This is part 2 of a series that started here.
First, a quick correction: I claimed that Lisp macros didn't have the ability change the basic syntax of Lisp. I believed that because I hadn't yet learned about "read" macros. Using "read" macros in Lisp you can indeed adjust some pretty basic syntax rules. That can't be done in JaM yet, but it's something that can probably be added in later.
So let's look more closely at the first stages of what JaM does.
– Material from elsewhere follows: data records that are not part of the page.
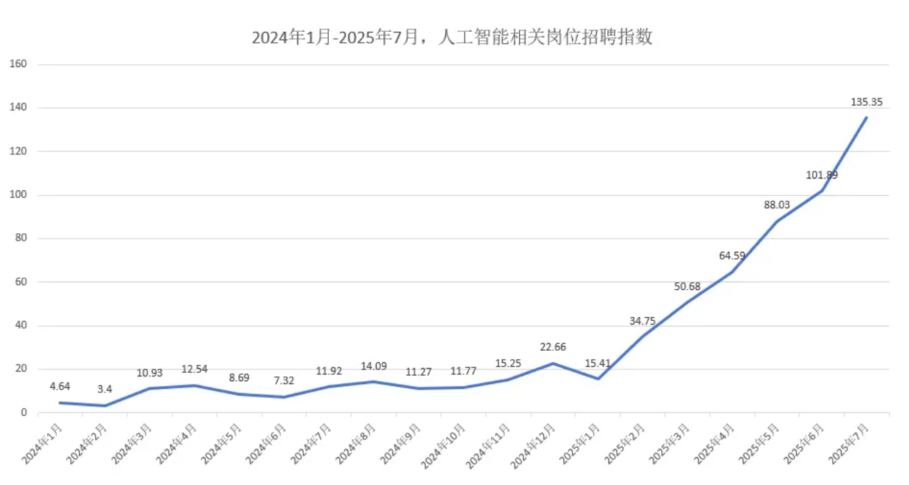 薪資水平的飆升,成為企業(yè)吸引人才的核心籌碼。2025 年 7 月,AI 相關(guān)崗位招聘薪資下限均值達(dá)到 4.7 萬(wàn)元 / 月,較 2024 年 1 月上漲 14.16%;薪資上限均值則升至 7.8 萬(wàn)元 / 月,同比漲幅 8.98%。即便是實(shí)習(xí)崗位,部分 AI 實(shí)習(xí)生日薪可達(dá) 4000 元,這一收入遠(yuǎn)超多數(shù)行業(yè)正式員工的月薪,用 “重金挖人” 形容毫不為過(guò)。
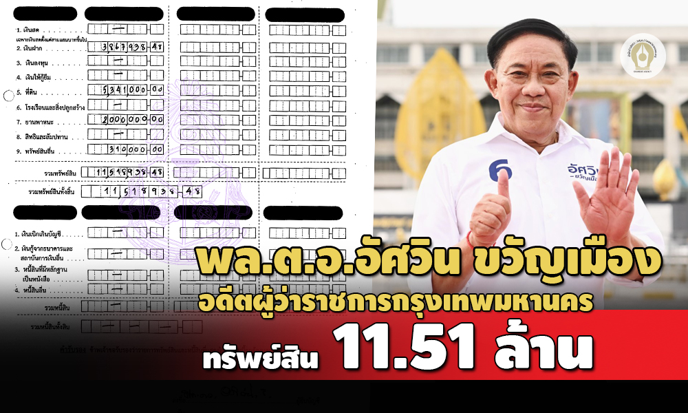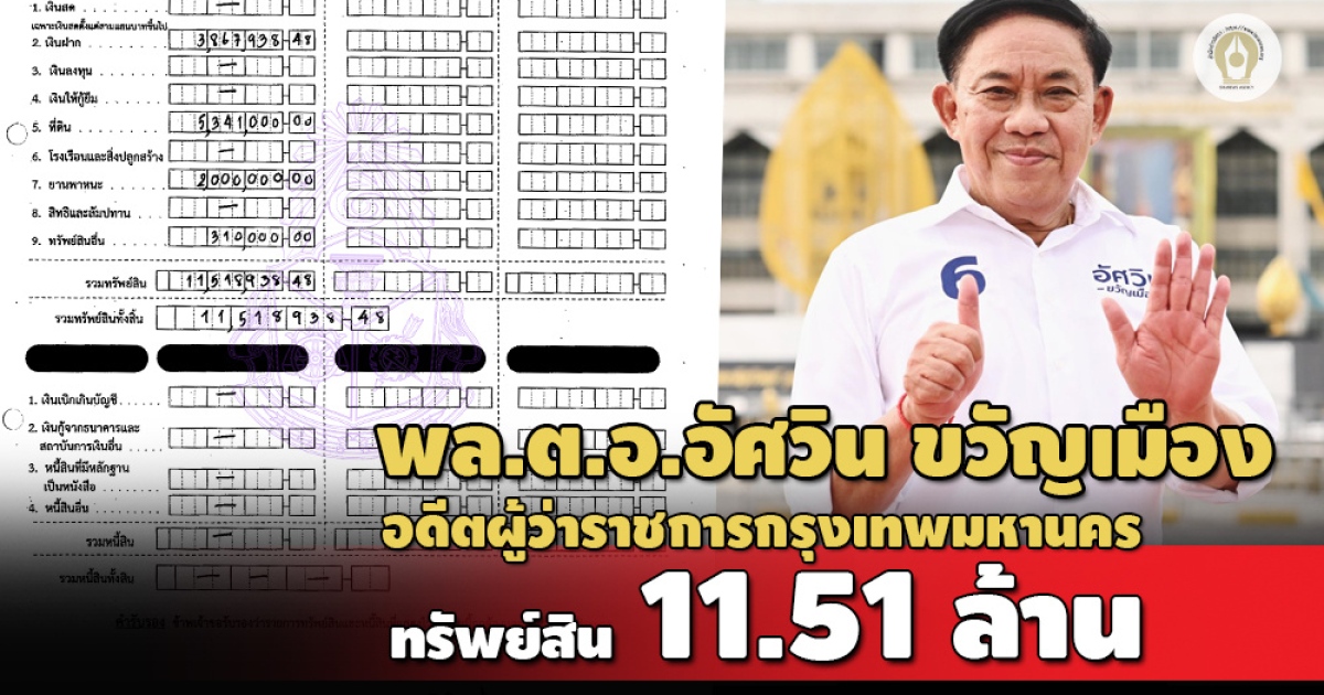 ทรัพย์สิน 11.51 ล.‘อัศวิน ขวัญเมือง’พ้นผู้ว่าฯ กทม.เงินฝาก 4 บัญชี 3.86 ล้านบาท ที่ดิน 6 แปลงที่ชลบุรี-นครปฐม 5.34 ล้านบาท แจ้งรายได้ต่อปี 2 ล้านบาทจากเงินเดือน-บำนาญ
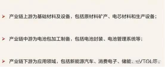 从产业链角度来看,上游包括基础材料及设备,包括原材料矿产、电芯材料和生产设备;中游为电池包加工制备,包括电池封装、电池管理系统等;下游则主要是固定电池的应用场景。
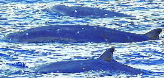 第一,由于头部和张口形状以及体色存在差异,银杏齿中喙鲸或德氏中喙鲸个体可以很容易地与其他喙鲸种类区分,从外形和肤色来看,目击到的喙鲸应该是银杏齿中喙鲸或德氏中喙鲸;第二,尽管在本次研究中收集到的照片数据质量相对较高,但由于物种之间体色模式和疤痕模式的高度相似性,因此无法对活体银杏齿中喙鲸或德氏中喙鲸进行准确分类;第三,初步收集到的潜水和浮出水面行为的数据与在其他喙鲸中观察到的数据相似,这表明银杏齿中喙鲸或德氏中喙鲸的遇见概率和可接近性可能与其他喙鲸类似;第四,未来的研究应该证实在银杏齿中喙鲸或德氏中喙鲸标本中的唇线凹痕是否正常存在,事实上,唇线凹痕有可能是渔具或海洋垃圾造成的。
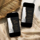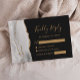 A borda esquerda desta elegante e moderna placa de cerâmica RSVP de casamento apresenta uma cinza e uma borda branca com coloração aquosa, aparada com falso brilho dourado. O título "Resposta gentil" aparece em um script de escrita manual dourado, com texto personalizável abaixo em uma fonte de impressão em um plano de fundo off-black. O verso apresenta uma cinza correspondente, design de agate branco e ouro.

As stated previously, JaM.include("foo.js")
fetches a
JavaScript source file as text. It then passes that text to
JaM.eval( ... )
. The eval
function does a
lexical analysis of the text (currently using code from JSLint) to generate a
JavaScript array of token objects.
A JaM token object is basically just a JSLint token object. For each word read from the JavaScript source, it contains the word itself, the line number and column where it was seen, and other bits of meta-data. Here's a couple of examples:
{ value: "function", line: 99, character: 16, reserved: true, identifier: true } |
{ value: "'bar'", line: 134, character: 32, type: '(string)' } |
I'm not sure if all this will be needed or useful in the long run, but JSLint produces it, and I have no good reason to throw any of it away. So far the "value" has been the only part that is has regularly been useful in the macros I've written.
Next, eval
uses a few simple grouping rules to generate a
tree of nested arrays of token objects. For example, the JavaScript
expression "alert('hi!');" would be translated into the following
tree:
[ { value: "alert", ... }, [ { value: "(", ... } [ [ { value: "'hi!'", ... } ] ], { value: ")", ... } ], { value: ";", ... } ]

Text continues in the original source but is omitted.